Can someone please confirm that CPT 26951 is the correct code for the following procedure?  
Preop DX: Traumatic  amputation, right index finger with fracture through the distal phalangeal physis.
Procedure: Patient was taken to the op room and placed on the table.The right upper extremity was sterilely prepped and draped after the administration of the general anesthetic. The finger tip was then examined. Upon initial presentation in the ER dept. The finger tip was rotated by 180 degrees with a nail on the volar surface. This was reduced in the ER and upon exam under anesthesia, it is apparent that the only remaining attachmentis the flexor tendon. There was no soft tissue attachment whatsoever and no perfusion obviously of the tip of the finger. The decision was therefore made to complete the amputation by transecting the flexor tendon and then using the skin from the tip as graft in order to cover exposed bone and preserve as much length as possible. The nail was removed with an tiris scissors and then the nail bed and remainder of the distal phalanx was then dissected free.  The subcutaneous tissues were dissected off of the skin and dermis.
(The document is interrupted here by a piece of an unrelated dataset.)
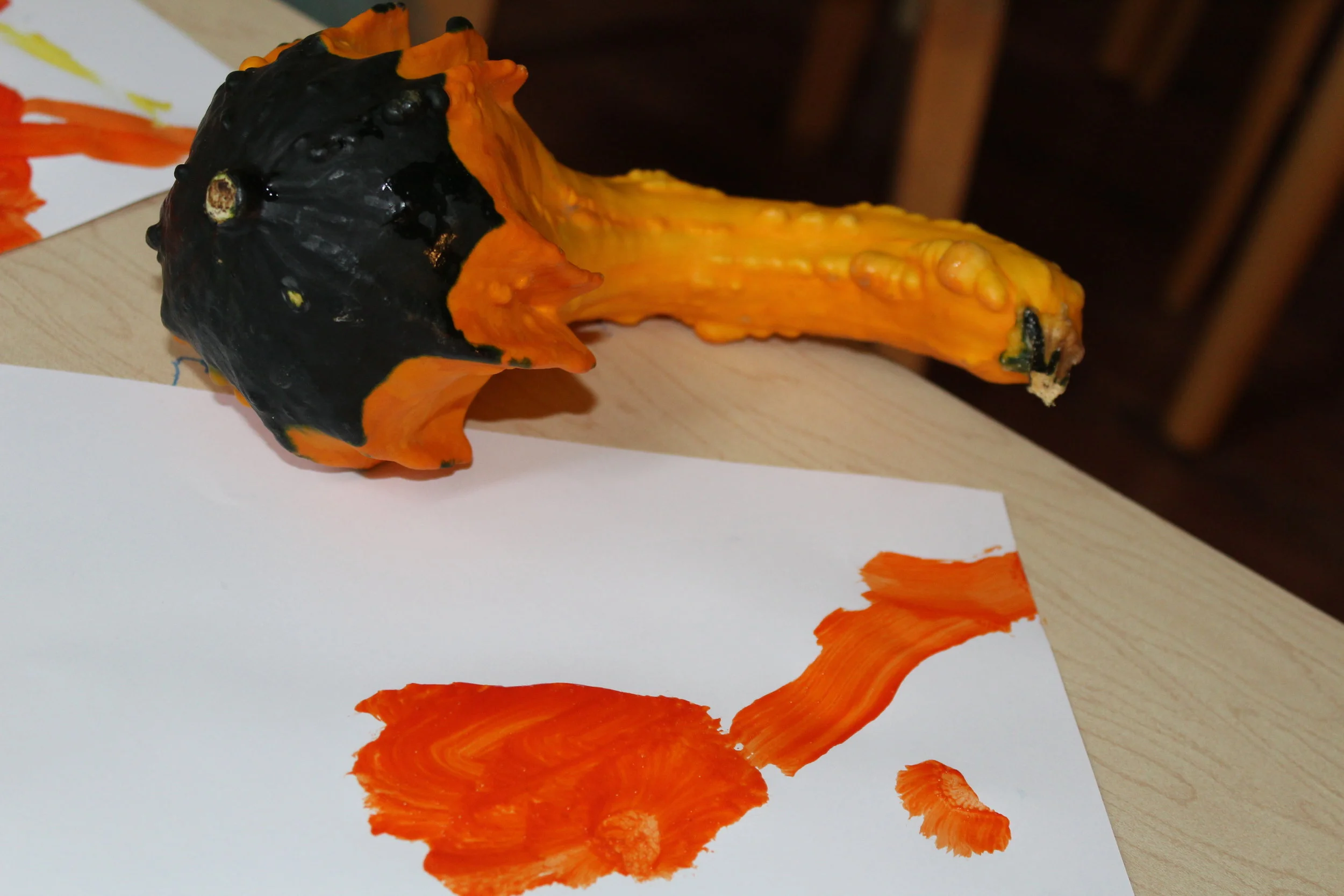On Thursday we started morning meeting by recognizing the first letter of everyone's name. We're hoping to tie their interest in letters to their Halloween costumes. Afterwards we had gym, followed by cooking with Diane. Today we made apple pie. It consisted of pie crust, apples, cinnamon, and honey. We ate it for snack the following day. Throughout the day, the children explored the sensory table (gloves filled with glow sticks), created a car using a box and a few blocks, and worked on observational paintings of pumpkins and gourds.

This was then placed over the tip of the finder. There was no contamination whatsoever. The nail had been avulsed from the tip and there was a small amount of germinal matrix appearing tissue on the ulnar side of the finger tip. This was removed with a scalpel. The graft was then sutured with 4-0 chromic suture. An initial dorsal stay suture was placed and then further stitches were placed around the circumference with the skin being trimmed as necessary to provide good coverage without any tension and without creating a pocket for hematoma formation. There was capillary bleeding from the distal tip of the finger, but this was minimal. The coverage was quite good. The fingers and hand was then cleaned with saline. A metacarpal block was done with .25% marcaine. A sterile dressing of Xeroform and two gauze was then applied which was tied around the wrist and then this was covered with Coban. Pt doing well transferred to postop for recovery. 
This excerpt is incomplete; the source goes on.